(The data Opens)
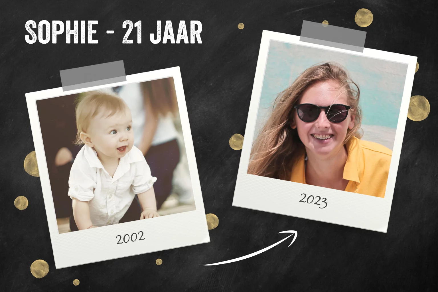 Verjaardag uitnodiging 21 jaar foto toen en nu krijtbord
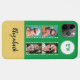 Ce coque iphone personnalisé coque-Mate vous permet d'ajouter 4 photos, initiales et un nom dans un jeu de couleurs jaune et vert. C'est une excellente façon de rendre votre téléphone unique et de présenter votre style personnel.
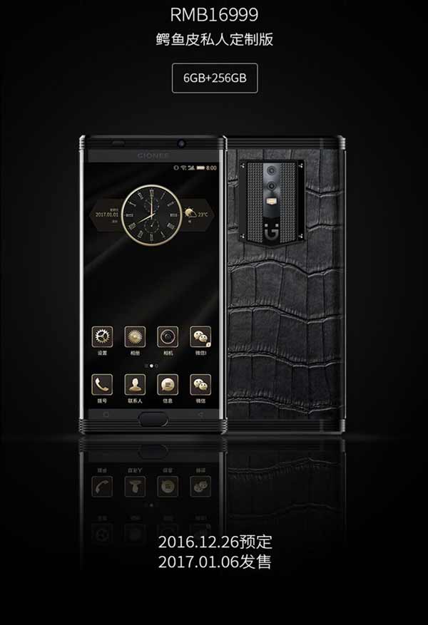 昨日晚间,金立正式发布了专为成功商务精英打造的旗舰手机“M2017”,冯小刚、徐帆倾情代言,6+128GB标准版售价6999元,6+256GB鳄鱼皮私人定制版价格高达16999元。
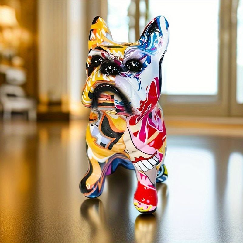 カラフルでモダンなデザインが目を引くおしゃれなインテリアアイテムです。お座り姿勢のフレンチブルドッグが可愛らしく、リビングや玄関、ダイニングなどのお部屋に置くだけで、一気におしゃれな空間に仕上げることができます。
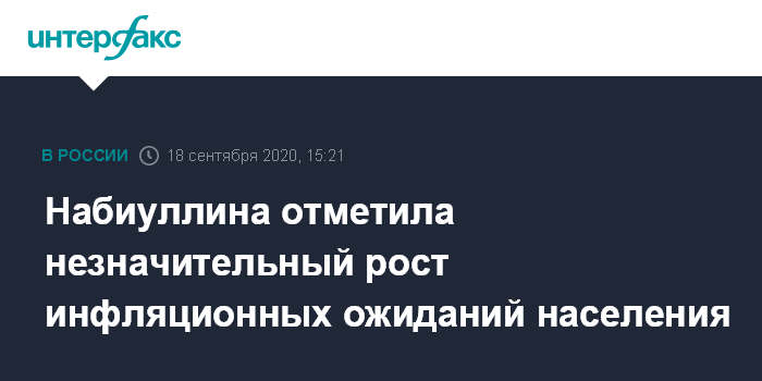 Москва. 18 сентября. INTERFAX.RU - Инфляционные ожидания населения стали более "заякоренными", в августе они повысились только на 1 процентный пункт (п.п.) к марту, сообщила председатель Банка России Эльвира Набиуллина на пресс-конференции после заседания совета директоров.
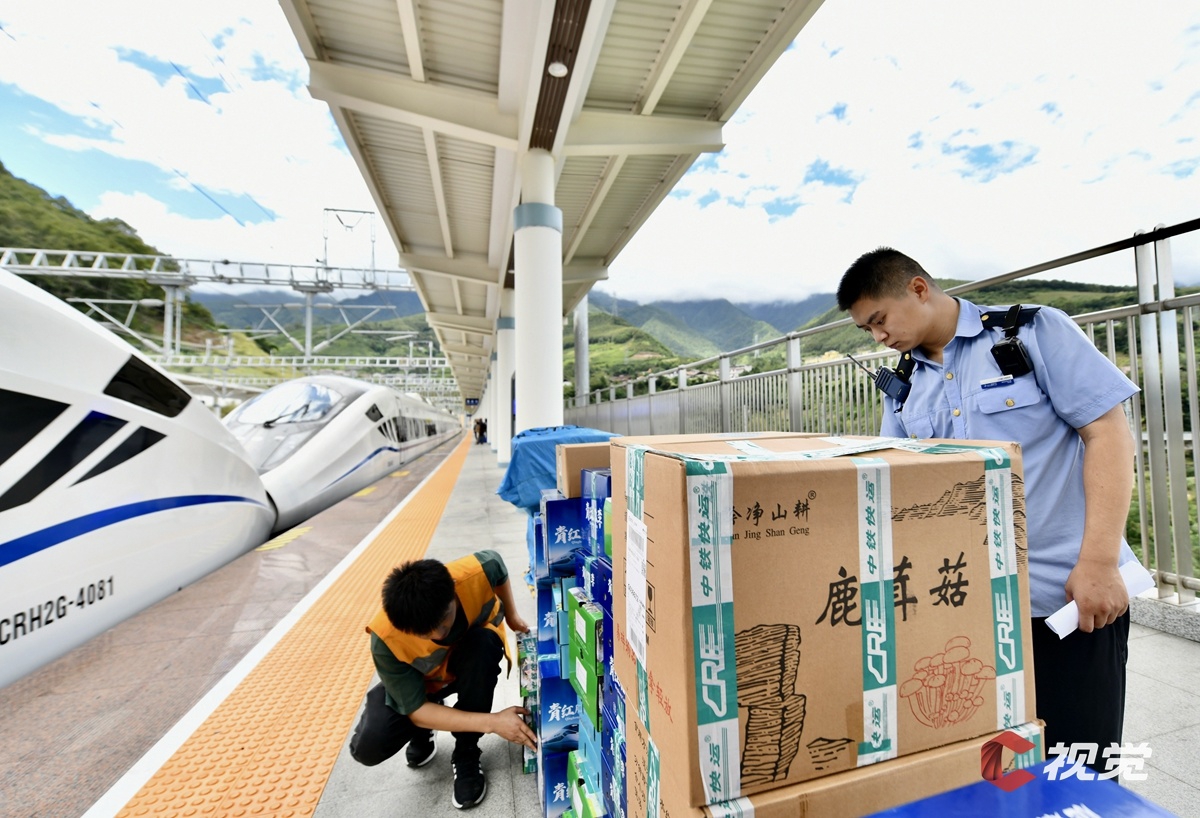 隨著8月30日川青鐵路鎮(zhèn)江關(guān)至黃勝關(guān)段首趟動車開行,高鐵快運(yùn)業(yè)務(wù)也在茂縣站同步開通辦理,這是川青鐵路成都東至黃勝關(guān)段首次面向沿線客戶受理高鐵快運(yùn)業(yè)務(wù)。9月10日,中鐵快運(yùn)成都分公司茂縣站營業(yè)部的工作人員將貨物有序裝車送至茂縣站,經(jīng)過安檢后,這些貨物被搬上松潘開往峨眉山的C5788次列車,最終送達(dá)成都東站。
(The data Closes)
(The data Opens)
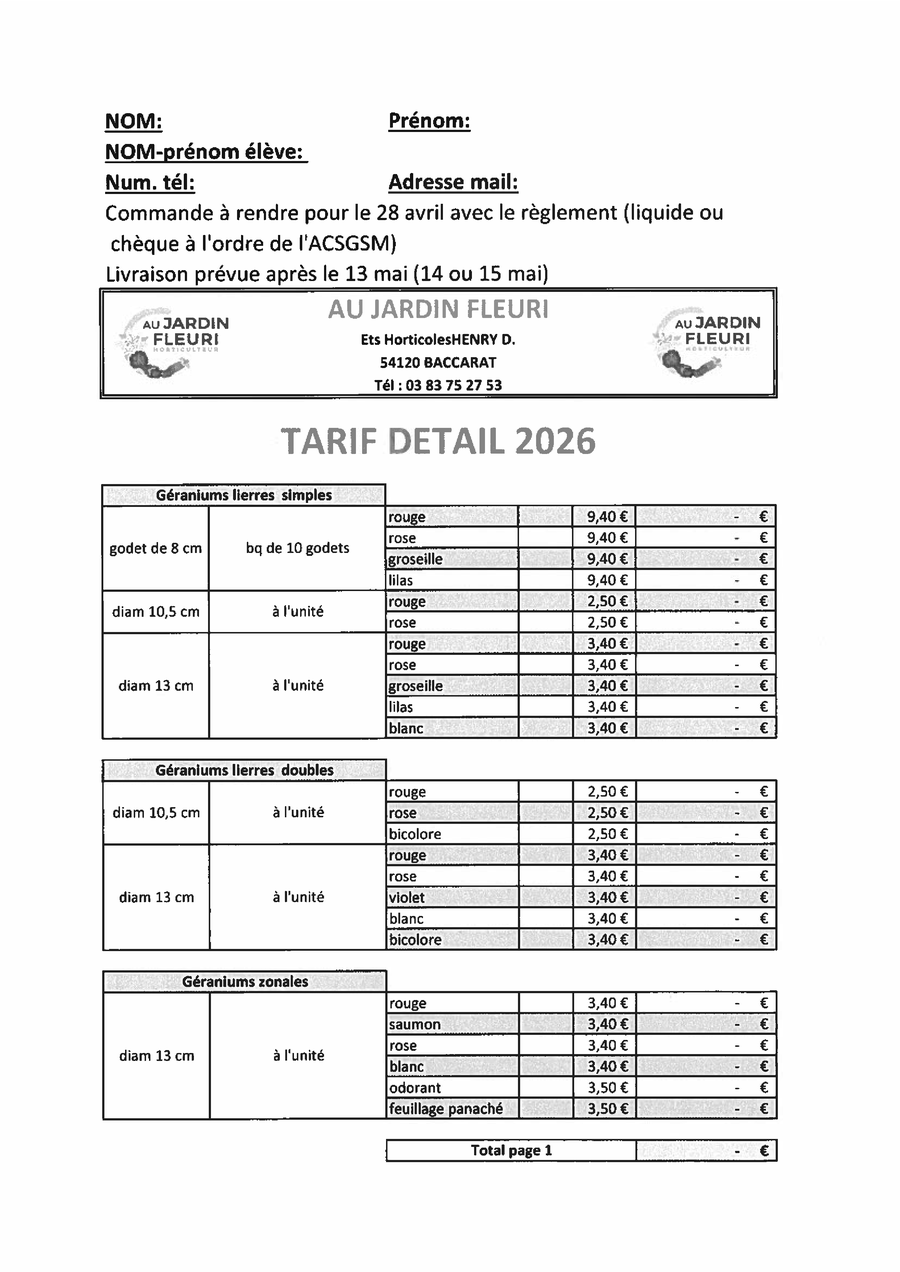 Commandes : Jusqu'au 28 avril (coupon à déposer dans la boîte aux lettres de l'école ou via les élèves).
(The data Closes)
In the listing above, find the line containing "昨日晚间,金立正式发布了专为". Output it and every line after it up to and including the line containing "Москва. 18 сентября.", exactly, but skip the pictures.

_Answer box_:
 昨日晚间,金立正式发布了专为成功商务精英打造的旗舰手机“M2017”,冯小刚、徐帆倾情代言,6+128GB标准版售价6999元,6+256GB鳄鱼皮私人定制版价格高达16999元。
 カラフルでモダンなデザインが目を引くおしゃれなインテリアアイテムです。お座り姿勢のフレンチブルドッグが可愛らしく、リビングや玄関、ダイニングなどのお部屋に置くだけで、一気におしゃれな空間に仕上げることができます。
 Москва. 18 сентября. INTERFAX.RU - Инфляционные ожидания населения стали более "заякоренными", в августе они повысились только на 1 процентный пункт (п.п.) к марту, сообщила председатель Банка России Эльвира Набиуллина на пресс-конференции после заседания совета директоров.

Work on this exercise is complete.